Mercouris – Pas plus que l’URSS en 1918, la Russie ne menace l’Europe
La preuve que la menace russe est, comme les autres, une menace creuse qui a pour seul but de rançonner les populations est que les états européens ne font rien, mais rien du tout, pour augmenter leur production d’armes, ni même de drones, ce qui serait pourtant facile, selon Alexander Mercouris dans sa dernière vidéo : La Russie frappe à nouveau l’Ukraine ; les USA ne donneront pas de missiles à longue portée à Kiev ; L’Allemagne paie toutes les factures de Kiev.
L’Allemagne qui avait promis de reconvertir ses usines de fabrication de voitures en usines d’armement a finalement décidé d’acheter des armes aux USA à la place, ce qui va achever de la désindustrialiser et de la rendre totalement dépendante des USA. Mercouris affirme au passage que Friedrich Merz est un premier ministre encore pire que Sholtz qui était déjà nul. (Apparemment chez eux, c’est comme chez nous, chaque dirigeant est pire que le précédent…) La seule chose qui empêche Macron de faire la même chose est que le puissant lobby de l’armement français ne le permettra jamais.
Mercouris ajoute que la guerre des droits de douane (tariffs) est une prolongation de la guerre des sanctions. Mais que ni la Chine, ni la Russie, ni sans doute l’Inde, ne cèderont à l’ultimatum de Trump. Apparemment la demande de pétrole n’a jamais été si forte, alors que la production baisse, donc il ne faudrait pas grand-chose pour déséquilibrer le marché du pétrole et les USA, l’Angleterre et l’UE seraient les premiers à en souffrir…
Et pendant ce temps-là, sur le front ukrainien, les Russes avancent de plus en plus rapidement.
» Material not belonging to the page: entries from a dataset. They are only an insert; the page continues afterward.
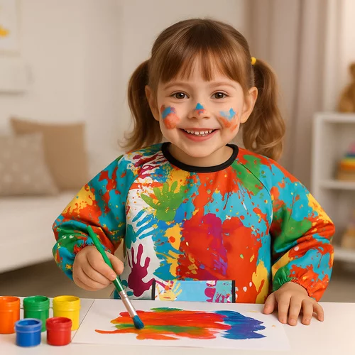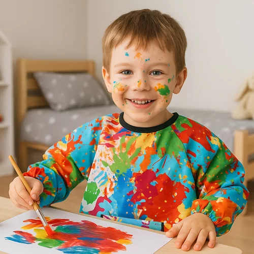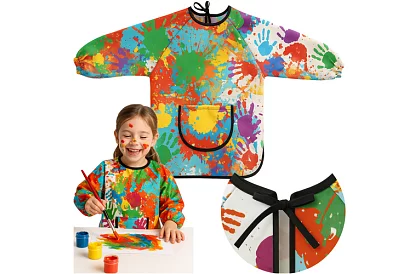 Practică pantalon de pictură protejează îmbrăcămintea de vopsea, lipici și cerneală și permite copilului să creeze liber. Mâneci lungi și croială liberă oferă o acoperire completă, în timp ce manșetele elastice și legarea la spate asigură o purtare confortabilă. Întreținerea ușoară și materialul rezistent permit utilizarea pe termen lung acasă și la grădiniță. Designul colorat atrage micii artiști și îi motivează să se joace activ și să creeze creativ.
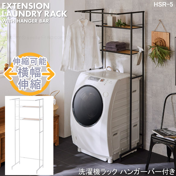 洗濯機ラック ハンガーバー付き HSR-5 「送料無料」/ ランドリーラック 洗濯機ラック 洗濯機棚 ランドリー収納 角パイプ タオル掛け ハンガー ラック
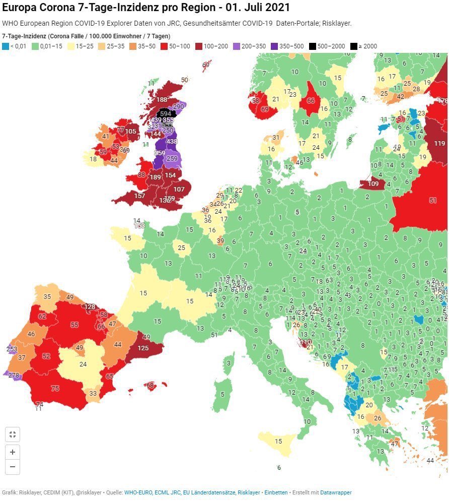 Regions of the UK, notably central Scotland, now represent the highest infection rates in Europe.
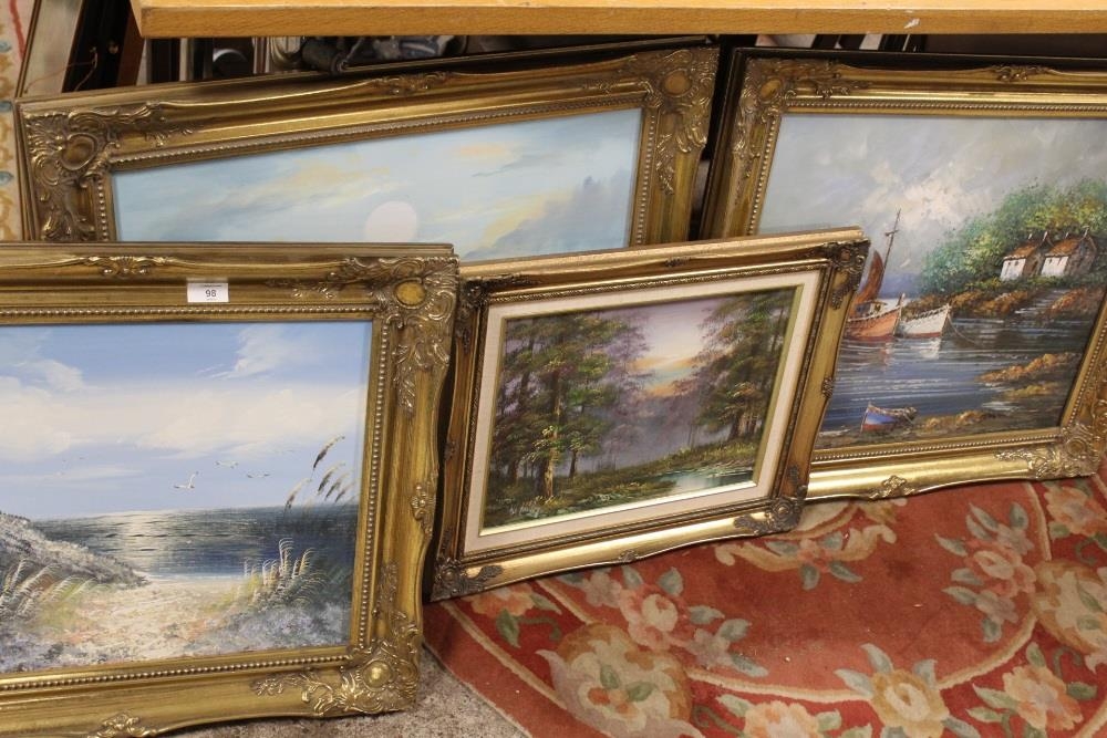 FOUR ASSORTED GILT FRAMED OIL ON CANVASES TO INCLUDE SEASCAPES
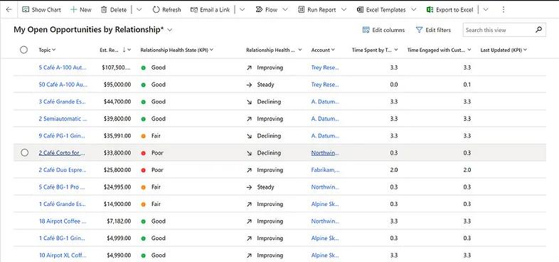 Figure 6: Monitoring Relationship Health in Dynamics 365 Sales
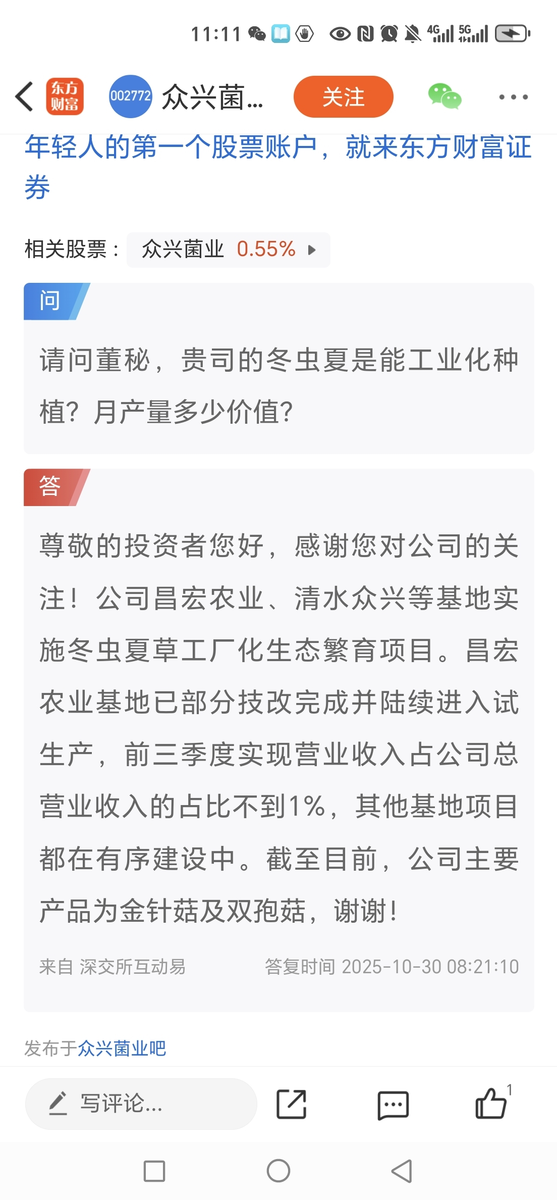 $众兴菌业(SZ002772)$ $众兴菌业(SZ002772)$ 营业收入的百分之一,前三季营业收入是14个亿,算算占多少?1400万元。
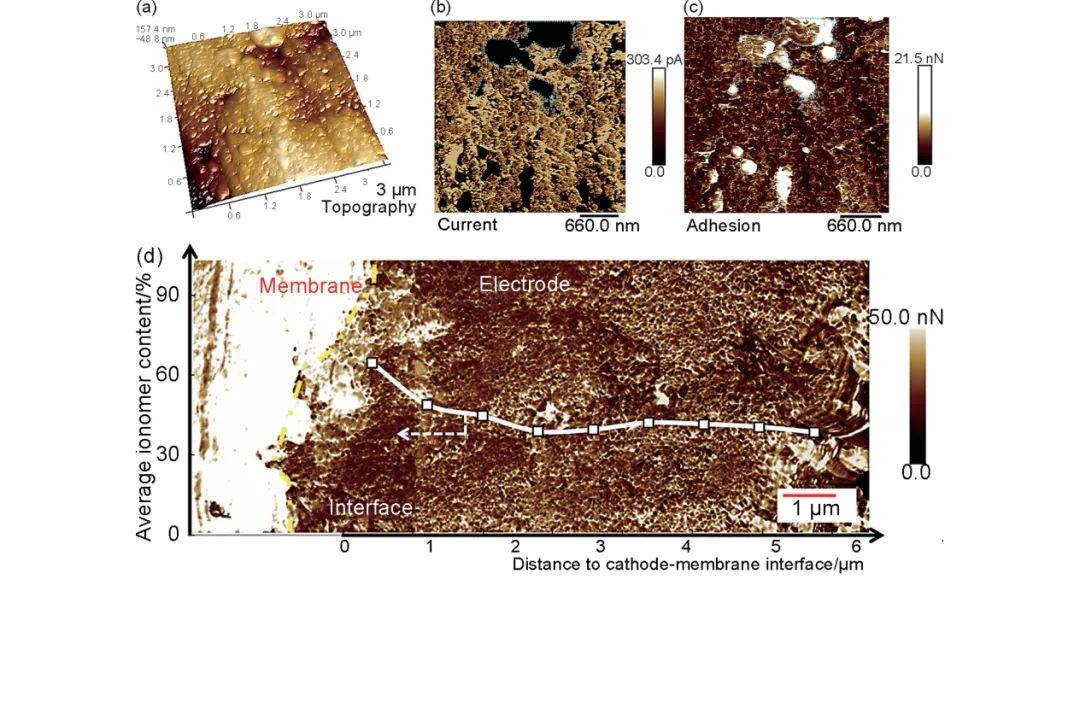 Hiesgen等人[31]則利用原子力顯微鏡(atomic force microscope, AFM),原位表征了離聚物在CCL內(nèi)的分布情況。如圖8(a)所示,僅憑三維形貌圖,人們很難區(qū)分出離聚物與Pt/C,但是利用離聚物與Pt/C之間在導(dǎo)電性[圖8(b)]和黏附力[圖8(c)]方面的差異,就可以分辨出低導(dǎo)電性和高黏附性的離聚物相(圖中虛線框內(nèi))。他們用這種方法研究了CCL內(nèi)離聚物分布的梯度,如圖8(d)所示,離聚物含量隨著膜/催化層界面距離的增加而減小,膜/催化層界面處較高的離聚物含量可能是MEA制備過程中熱壓造成的。
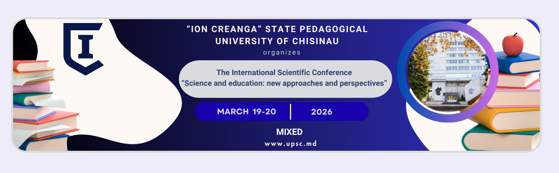 Державний педагогічний університет імені Йона Крянге в Кишиневі / Ion Creanga State Pedagogical University of Chisinau (Республіка Молдова) запрошує до участі в Міжнародній науковій конференції «НАУКА ТА ОСВІТА: НОВІ ПІДХОДИ ТА ПЕРСПЕКТИВИ», яка відбудеться 19–20 березня 2026 року у змішаному форматі (очно та онлайн).
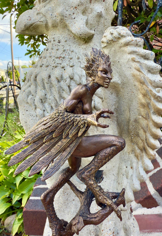 Harpy Statue, Hand Painted Resin Sculpture | Mythical Creature Figurine | Unique Legendary Bird Woman Figurine. Fantasy Art Decor
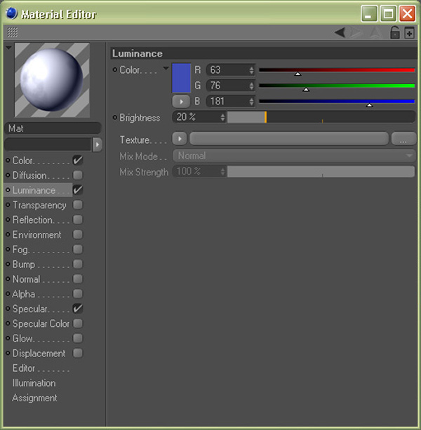 Turn on the Luminance checkbox and in the Luminance properties change Color to blue (in my case 63 76 181), and change the Brightness value to approximately 20%.
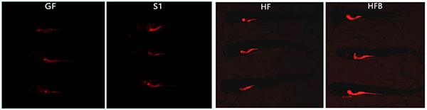 图7 无菌斑马鱼接种S1以及罗非鱼肠道微生物以后,腹腔脂肪染色结果
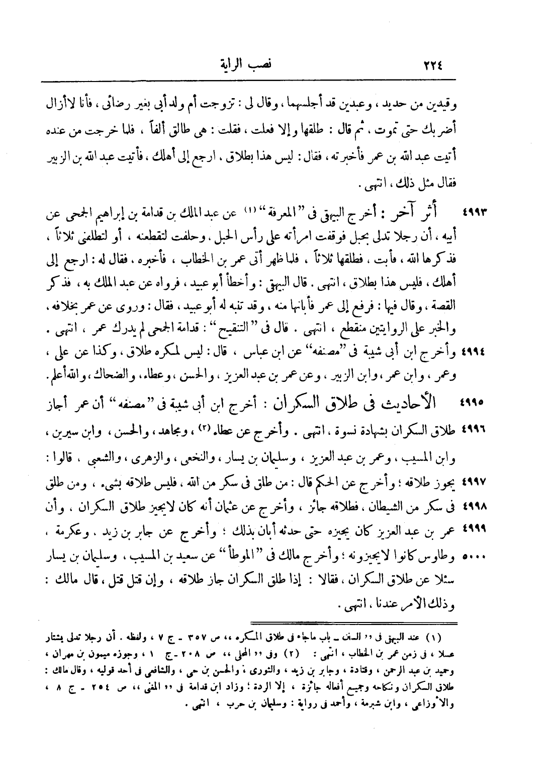 أَثَرٌ آخَرُ: أخرجه الْبَيْهَقِيُّ فِي "الْمَعْرِفَةِ" 1 عَنْ عَبْدِ الْمَلِكِ بْنِ قُدَامَةَ بْنِ إبْرَاهِيمَ الْجُمَحِيِّ عَنْ أَبِيهِ، أَنَّ رَجُلًا تَدَلَّى بِحَبْلٍ فَوَقَفَتْ امْرَأَتُهُ عَلَى رَأْسِ الْحَبْلِ، وَحَلَفَتْ لَتَقْطَعَنَّهُ، أَوْ لِتُطَلِّقْنِي ثَلَاثًا، فَذَكَّرَهَا اللَّهَ، فَأَبَتْ، فَطَلَّقَهَا ثَلَاثًا، فَلَمَّا ظَهَرَ أَتَى عُمَرَ بْنَ الْخَطَّابِ، فَأَخْبَرَهُ، فَقَالَ لَهُ: ارْجِعْ إلَى أَهْلِك، فَلَيْسَ هَذَا بِطَلَاقٍ، انْتَهَى. قَالَ الْبَيْهَقِيُّ: وَأَخْطَأَ أَبُو عُبَيْدٍ، فَرَوَاهُ عَنْ عَبْدِ الْمَلِكِ بِهِ، فَذَكَرَ الْقِصَّةَ، وَقَالَ فِيهَا: فَرَفَعَ إلَى عُمَرَ فَأَبَانَهَا مِنْهُ، وَقَدْ تَنَبَّهَ لَهُ أَبُو عُبَيْدٍ، فَقَالَ: وَرُوِيَ عَنْ عُمَرَ بِخِلَافِهِ وَالْخَبَرُ عَلَى الرِّوَايَتَيْنِ مُنْقَطِعٌ، انْتَهَى. قَالَ فِي "التَّنْقِيحِ": قُدَامَةُ الْجُمَحِيُّ لَمْ يُدْرِكْ عُمَرَ، انْتَهَى. وَأَخْرَجَ ابْنُ أَبِي شَيْبَةَ فِي "مُصَنَّفِهِ" عَنْ ابْنِ عَبَّاسٍ، قَالَ: لَيْسَ لِمُكْرَهٍ طَلَاقٌ، وَكَذَا عَنْ عَلِيٍّ، وَعُمَرَ، وَابْنِ عُمَرَ، وَابْنِ الزُّبَيْرِ، وَعَنْ عُمَرَ بْنِ عَبْدِ الْعَزِيزِ، وَالْحَسَنِ، وَعَطَاءٍ، وَالضَّحَّاكِ، وَاَللَّهُ أَعْلَمُ.
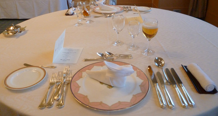 料理はてっきりホテル内のどこぞのレストランで食べるものと思っていたのですが、試食会場へ案内されたら、そこは自分たちが会食会を行う宴会場でした。
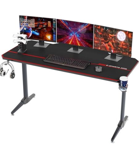 SOGES Scrivania Gaming 140 60 cm,Scrivania da Gioco, Grande Scrivania Gaming Desk per Laptop PC,Tavolo Gioco con Tappetino per Mouse,Computer Gamer pro
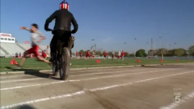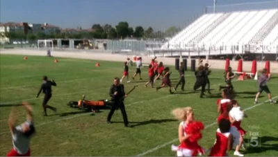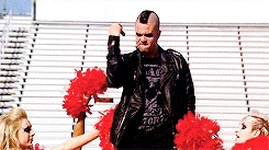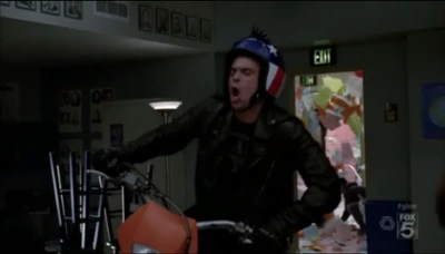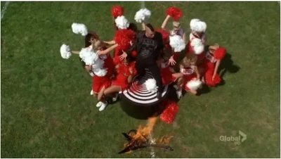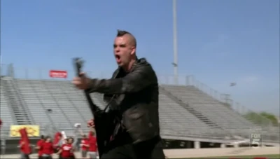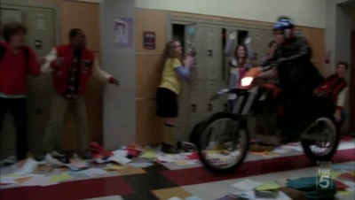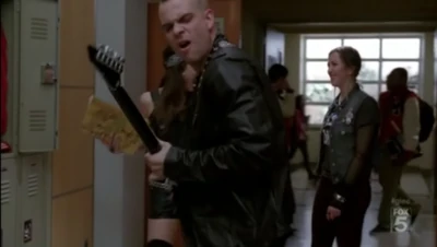 This song was sung by Puck after he decided to screw school. The performance starts from the hallway, to the choir room where New Directions is watching in a complete shock, some, being scared of the people in which Puck brought with him; back to the hallway as he rides a motorbike down the hallway and on the Football Field where he dances with the Cheerios and the football team. At the end of the performance, Puck lights the guitar and is seen back in the choir room with New Directions looking on with confused faces as he exits the choir room.

Brian Berletic – Depuis la guerre hispano-américaine de 1898, « America First » signifie la guerre perpétuelle pour l’hégémonie
Ceux qui ont cru que le slogan de Trump l’Amérique d’abord ou Rendre sa grandeur à l’Amérique signifiait qu’il allait se recentrer sur la politique intérieure n’ont rien compris à l’essence même des Etats-Unis. Pour eux c’est toujours une question d’hégémonie sur le monde et les slogans ne servent qu’à tromper le peuple qui lui ne veut plus de guerres. Ils font tous pareil, Barak Obama en tête !
Trump se partage la tâche avec l’UE. Les Européens vont s’occuper de l’Ukraine et les Etats-Unis des BRICS. Ils vont faire comme en Syrie. Ils ne vont jamais faire la paix, ils vont geler le conflit, et nous avons vu comment ça s’est terminé en Syrie. La guerre des Etats-Unis contre la Russie par proxy ukrainien interposé a été soigneusement préparée et mise en œuvre dans le cadre du maintien de l’hégémonie étasunienne. C’est pareil pour l’Iran au Moyen Orient et la Chine en Asie. Ils veulent contenir ces nations en utilisant contre elles les pays qui les entourent. En Ukraine la guerre est dirigée par des généraux étasuniens et les opérations terroristes par la CIA.